There’s another word that comes down to us from the ancient Greeks, this about willful ignorance, i.e., agnotology; they saw this as a cultural or societal phenomenon where the ignorance of a people provides their leaders with the political tools to manipulate and deceive them. The most vulnerable are those that suffer from economic and financial illiteracy; it’s not an affliction limited to “developing countries” but prevalent in much of the so called developed western countries, in whose societies so many lack the knowledge necessary to make sound decisions about their personal finances or understand the economic consequences of their governments policies.

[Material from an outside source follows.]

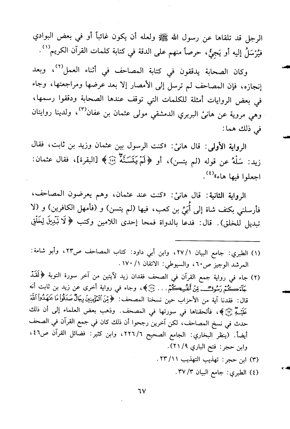 الرجل قد تلقاها عن رسول الله صلى الله عليه وسلم ولعله أن يكون غائبا أو في بعض البوادي فيرسل إليه أو يجيء، حرصا منهم على الدقة في كتابة كلمات القرآن الكريم (¬1).
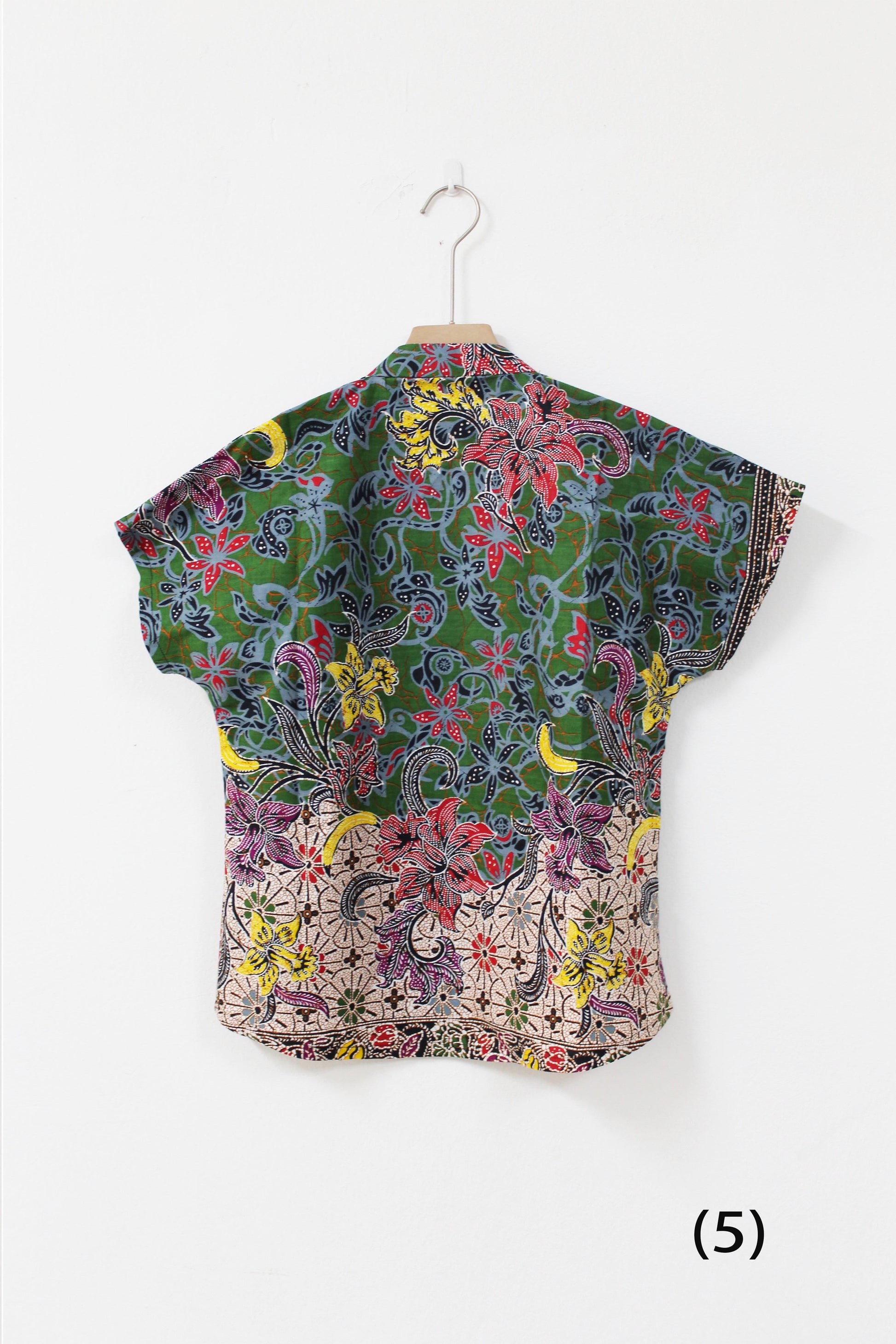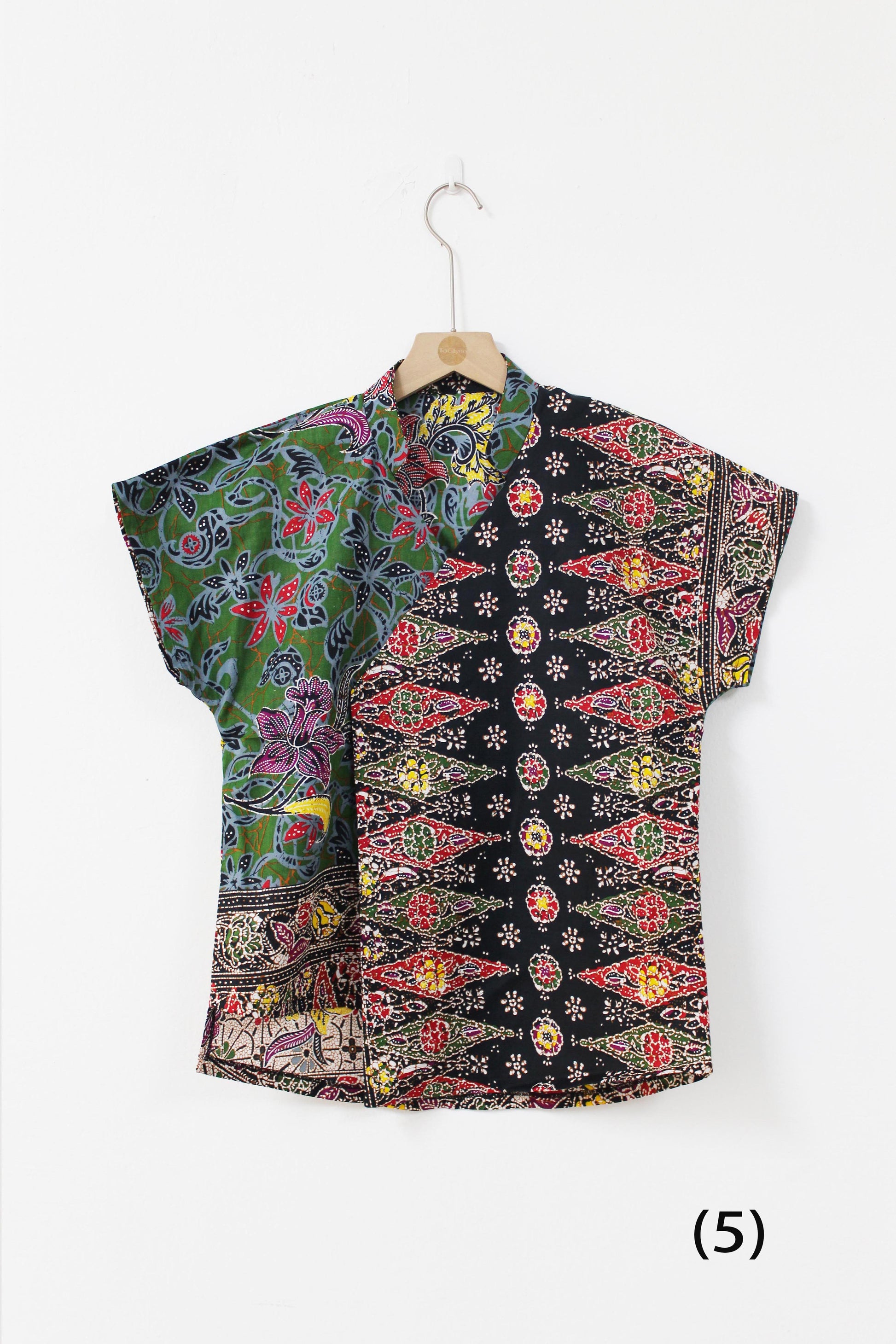 Introducing our women's batik V-Neck collar top. This unique piece features a stylish front snap button closure , eye catching irregular front hen, blending comfort with contemporary flair.

The common vehicle used by those that wish to deceive people about the corruption inherent in the nature of government welfare programs is the ignorance of the people themselves; when there’s opposition to such proposed laws, there is a default response mechanism we have come to know as “Virtue Signaling”, cloaking the self-righteous as advocating against racism, capitalism…or whatever label works to shame the opposition and avoid transparency. The unfortunate combination of ignorance about economics, finance, and virtue signaling is that all too often it actually works in favor of corruption…until it doesn’t!
Will Rogers once observed that “The United States Senate opens with a prayer and closes with an investigation.” When schemes such as those discovered in Minnesota, California, etc., are exposed, we get the scandals, the investigations, along with the obligatory and mind numbing endless news coverage, full of partisan posturing and “expert” analysis; what we never get is all that money back, accountability and an end to the policies and programs that caused these problems to begin with.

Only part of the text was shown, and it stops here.